Calabash ‘08 (Pt 3) Reggae & the Obama Moment

Recorded
Tue, June 03

Bookmark and Share

Bob Marley and Barack Obama are the absent heroes of the 8th annual Calabash literary festival in Jamaica: Marley, because his music and poetry incarnate the living “reggae aesthetic” (with the pan-African, Judaeo-Christian, sexual, political and celebratory overtones which the poet and Calabash co-founder Kwame Dawes expounds in conversation here). And Obama, because he seems to stand for a possibility that is artistic as well as political — for the idea that imagination can lead the way, that shocking transformations can develop before our eyes. I don’t know how many people I heard say things like: “I never thought that I would live to see the Berlin Wall fall down,” or more often: “I never thought I would see the day when Nelson Mandela walked free in South Africa. And I never thought I’d see a black man nominated for president in the United States.” So the suspense of the Obama moment in America touches this gathering of writers and readers in the West Indes. And for many of the writers I interviewed at Calabash, the Obama moment in America has implications that are artistic as well as political. The poet Yusef Komunyakaa made the literary link with Obama this way: “I think it has everything to do with possibility,” he said. “The writer is definitely a dreamer.”

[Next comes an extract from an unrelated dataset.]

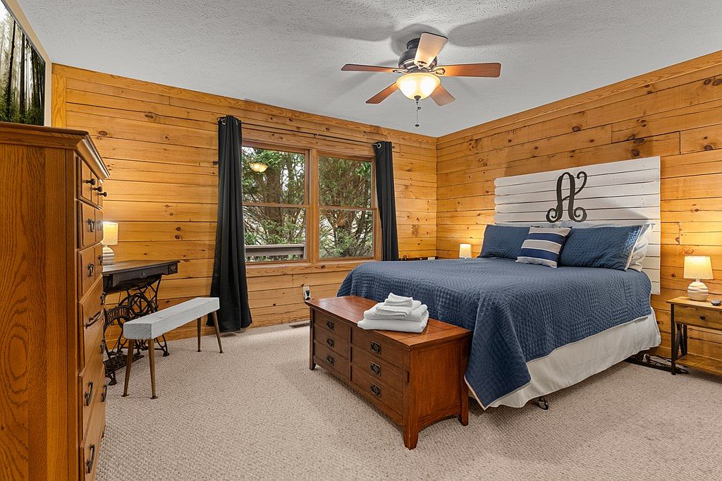 This cozy bedroom features natural wood paneling that creates a warm, rustic atmosphere. The focal point is a large bed with a navy blue quilt, accented by striped pillows. A unique wooden headboard adds character, while two bedside lamps provide soft lighting. The room includes a vintage wooden dresser and a small bench for seating, enhancing functionality. Dark curtains frame the windows, allowing glimpses of greenery outside. A plush carpet underfoot adds comfort, while the ceiling fan offers a practical touch. Overall, the space harmonizes comfort and style, inviting relaxation within its tranquil setting.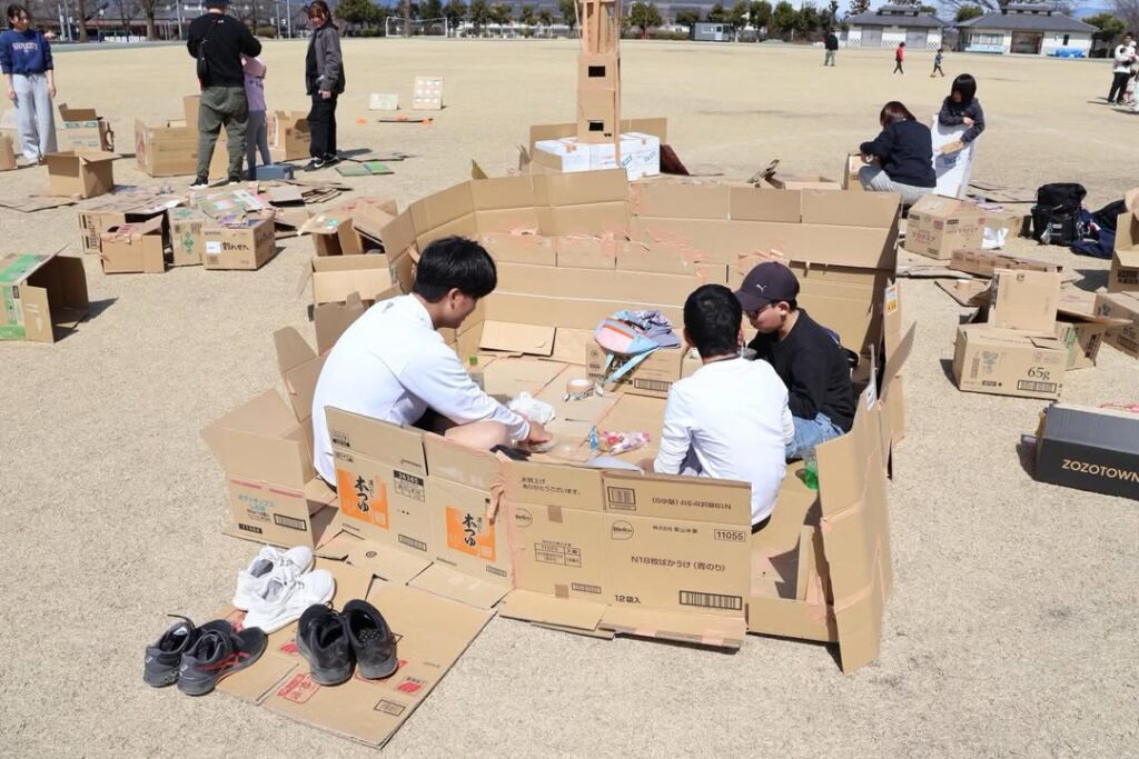 特に、印象深いのは子供たちが集まって、「ここは壁にしよう!」「入り口はこっち!」など、アイデアを出し合いながら形にしていく様子はとてもいきいきしていて、子供たちの力や可能性を改めて感じる時間となりました!

Audio clip: Adobe Flash Player (version 9 or above) is required to play this audio clip. Download the latest version here. You also need to have JavaScript enabled in your browser.

So I asked a number of the writers at Calabash to fill in the connection between the Barack Obama politics back in the States with the stories and poems and dreams being read out to a couple of thousand listeners on a beach in the Caribbean in this late spring of 2008. I begin with Lorna Goodison, a very popular novelist and poet in Jamaica who has taught since 1991 in Canada and at the University of Michigan.

goodison

I have students come to me and say, ‘I’m not coming to class, I’m gonna work for Barack.’ I’ve never ever seen that. It would be a real sin if that youthful enthusiasm and verve and engagement just went away… I’ve been teaching a West Indian literature course and it just turns into a course of poetry… Do you know John Agard’s “Palm Tree King”?

Because I come from the West Indies / certain people in England seem to think / I is a expert on palm trees

So not wanting to sever dis link / with me native roots (know what ah mean?) / or to disappoint dese culturer vulture / I does smile cool as seabreeze…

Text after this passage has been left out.